Exercise description =>
The pictures get dropped, while every remaining part of the listing is copied exactly.

Recorded information Start Marker

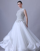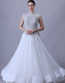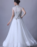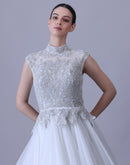 This sleeveless gown features a high-neck embroidered bodice with intricate silver detailing and a flared tulle skirt with a structured hem
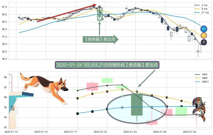 形态多维评估: ⚀ 2020-01-24日显现 3日-8日-21日均线 【绝命跳】卖出点 看空信号,后市看跌,卖出
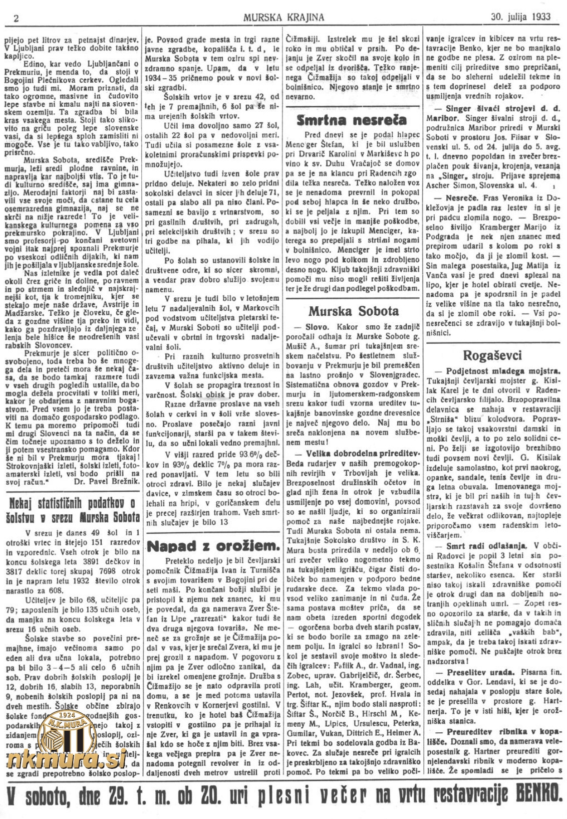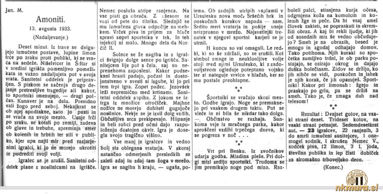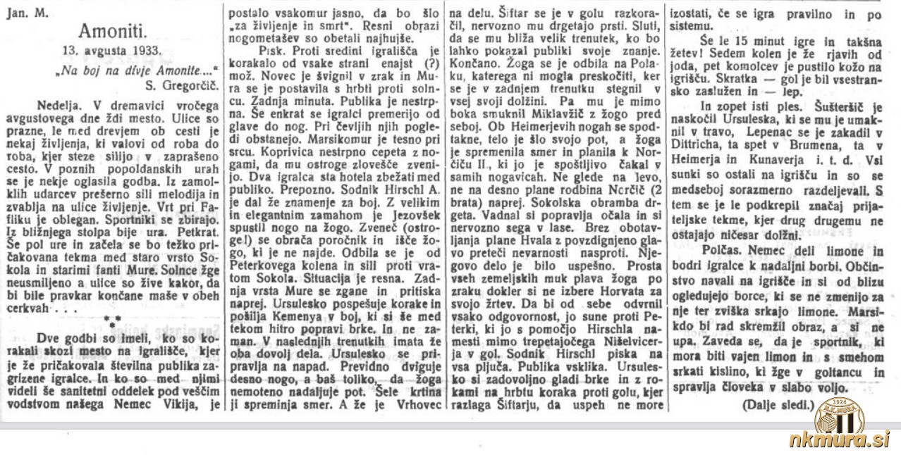 13. avgusta 1933 je bila v Murski Soboti dobrodelna nogometna tekma med predstavniki Sokola in Mure. Tekma bi morala biti 29. julija, vendar je bila zaradi slabega vremena prestavljena na kasnejši termin. Povod za tekmo je slabo stanje trboveljskih rudarjev in njihovih družinskih članov. V ta namen potekajo številne dobrodelne akcije širom države.

Recorded information End Marker

Exercise answer =>
 This sleeveless gown features a high-neck embroidered bodice with intricate silver detailing and a flared tulle skirt with a structured hem
 形态多维评估: ⚀ 2020-01-24日显现 3日-8日-21日均线 【绝命跳】卖出点 看空信号,后市看跌,卖出
 13. avgusta 1933 je bila v Murski Soboti dobrodelna nogometna tekma med predstavniki Sokola in Mure. Tekma bi morala biti 29. julija, vendar je bila zaradi slabega vremena prestavljena na kasnejši termin. Povod za tekmo je slabo stanje trboveljskih rudarjev in njihovih družinskih članov. V ta namen potekajo številne dobrodelne akcije širom države.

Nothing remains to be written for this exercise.